Так Франсуаза с тетей на утреннем совещании обсуждали первые события дня. Но иногда происходили события столь таинственные и столь важные, что тетя не могла дождаться, когда Франсуаза к ней поднимется, и тогда на весь дом четыре раза подряд оглушительно звонил ее колокольчик.
– Госпожа Октав! Да ведь еще рано принимать пепсин, – говорила Франсуаза. – Или у вас слабость?
– Да нет, Франсуаза, – отвечала тетя. – А впрочем, да. Вы же знаете, что у меня теперь почти все время слабость. Однажды я, вроде госпожи Руссо, не успею опомниться, как перейду в мир иной, но позвонила я не поэтому. Вы не поверите: я только что видела, как вот вас сейчас вижу, госпожу Гупиль с девочкой, которую я не знаю! Сбегайте, купите соли на два су у Камю. Теодор не может не знать, кто это.
– Да это, наверно, дочка Пюпена, – отвечала Франсуаза: сегодня она уже два раза была у Камю, а потому дала объяснение незамедлительно.
– Дочка Пюпена! Франсуаза, милая, что вы говорите? Неужели я бы ее не узнала?
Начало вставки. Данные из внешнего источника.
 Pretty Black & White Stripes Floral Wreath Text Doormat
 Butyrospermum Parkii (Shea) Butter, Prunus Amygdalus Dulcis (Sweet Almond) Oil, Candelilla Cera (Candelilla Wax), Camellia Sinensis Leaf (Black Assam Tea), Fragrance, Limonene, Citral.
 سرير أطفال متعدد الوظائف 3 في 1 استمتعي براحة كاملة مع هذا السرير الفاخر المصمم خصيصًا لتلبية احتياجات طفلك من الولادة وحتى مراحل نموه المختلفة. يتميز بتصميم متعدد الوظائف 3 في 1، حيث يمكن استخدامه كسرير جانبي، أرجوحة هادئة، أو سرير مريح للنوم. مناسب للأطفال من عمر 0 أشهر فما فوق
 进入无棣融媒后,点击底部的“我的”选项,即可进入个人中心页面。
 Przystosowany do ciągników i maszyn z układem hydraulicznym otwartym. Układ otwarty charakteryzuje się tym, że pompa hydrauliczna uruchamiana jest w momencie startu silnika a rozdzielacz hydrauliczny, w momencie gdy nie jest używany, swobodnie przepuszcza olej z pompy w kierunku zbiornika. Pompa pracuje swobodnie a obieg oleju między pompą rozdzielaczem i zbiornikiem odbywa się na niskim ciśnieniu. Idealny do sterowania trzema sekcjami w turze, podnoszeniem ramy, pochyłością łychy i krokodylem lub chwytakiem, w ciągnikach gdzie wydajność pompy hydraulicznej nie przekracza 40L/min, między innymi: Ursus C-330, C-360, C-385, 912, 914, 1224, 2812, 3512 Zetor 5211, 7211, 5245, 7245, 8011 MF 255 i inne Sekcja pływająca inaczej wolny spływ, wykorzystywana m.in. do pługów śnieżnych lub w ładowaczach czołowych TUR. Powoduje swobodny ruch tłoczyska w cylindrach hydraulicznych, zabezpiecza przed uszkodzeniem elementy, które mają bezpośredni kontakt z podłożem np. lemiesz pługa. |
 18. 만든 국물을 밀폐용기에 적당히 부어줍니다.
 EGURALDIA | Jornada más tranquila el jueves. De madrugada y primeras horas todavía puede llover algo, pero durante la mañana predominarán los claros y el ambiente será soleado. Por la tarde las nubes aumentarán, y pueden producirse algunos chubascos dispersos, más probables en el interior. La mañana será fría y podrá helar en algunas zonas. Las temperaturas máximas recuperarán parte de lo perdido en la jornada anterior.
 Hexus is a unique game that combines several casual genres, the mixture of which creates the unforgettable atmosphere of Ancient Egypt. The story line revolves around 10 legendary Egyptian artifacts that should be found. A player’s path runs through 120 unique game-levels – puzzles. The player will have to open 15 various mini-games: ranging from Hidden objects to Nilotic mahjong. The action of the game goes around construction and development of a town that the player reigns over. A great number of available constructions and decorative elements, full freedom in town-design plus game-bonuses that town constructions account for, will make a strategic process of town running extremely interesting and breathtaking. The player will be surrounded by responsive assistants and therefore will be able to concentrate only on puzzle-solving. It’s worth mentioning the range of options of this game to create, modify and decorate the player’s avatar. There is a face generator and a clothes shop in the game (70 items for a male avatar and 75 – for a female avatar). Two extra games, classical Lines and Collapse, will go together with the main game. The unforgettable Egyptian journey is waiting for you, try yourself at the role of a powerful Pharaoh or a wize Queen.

– Да я не про взрослую дочку говорю, госпожа Октав, а про девочку – про ту, что учится в пансионе в Жуи. По-моему, я ее нынче утром видела.
– Ну, может быть, – соглашалась тетя. – Значит, она приехала на праздники. Да, конечно! В таком случае нет смысла и узнавать – она не могла не приехать на праздники. Мы сейчас увидим, как госпожа Сазра позвонит к сестре, когда придет к ней завтракать. Непременно увидим! Только что мимо нас прошел мальчик с тортом от Галопена! Вот увидите: это торт для госпожи Гупиль.
– Раз у госпожи Гупиль нынче гости, то вы, госпожа Октав, скоро увидите, как все ее знакомые пойдут к ней завтракать, ведь сейчас совсем не так рано, – говорила Франсуаза; ей самой пора было готовить завтрак, и она радовалась, что у тети впереди развлечение.
– Но не раньше полудня! – покорно замечала тетя, посмотрев на часы тревожным и вместе с тем беглым взглядом, а то как бы Франсуаза не подумала, что она, ушедшая от мира, находит, однако, особое удовольствие в том, чтобы удостовериться, кого г-жа Гупиль позвала завтракать, хотя, к сожалению, ей, г-же Октав, придется ждать больше часу. – И это как раз совпадет с моим завтраком! – обращаясь к себе самой, добавила она вполголоса. Завтрак доставлял ей такое большое развлечение, что другого ей уже в то время не требовалось. – Так вы не забудете подать мне молочную яичницу на мелкой тарелке? – Мелкие тарелки были разрисованы, и тетя с неизменным любопытством рассматривала изображенную на тарелке сказку. Она надевала очки, прочитывала: «Али-Баба и сорок разбойников», «Аладдин и волшебная лампа» – и с улыбкой приговаривала: «Прелестно, прелестно».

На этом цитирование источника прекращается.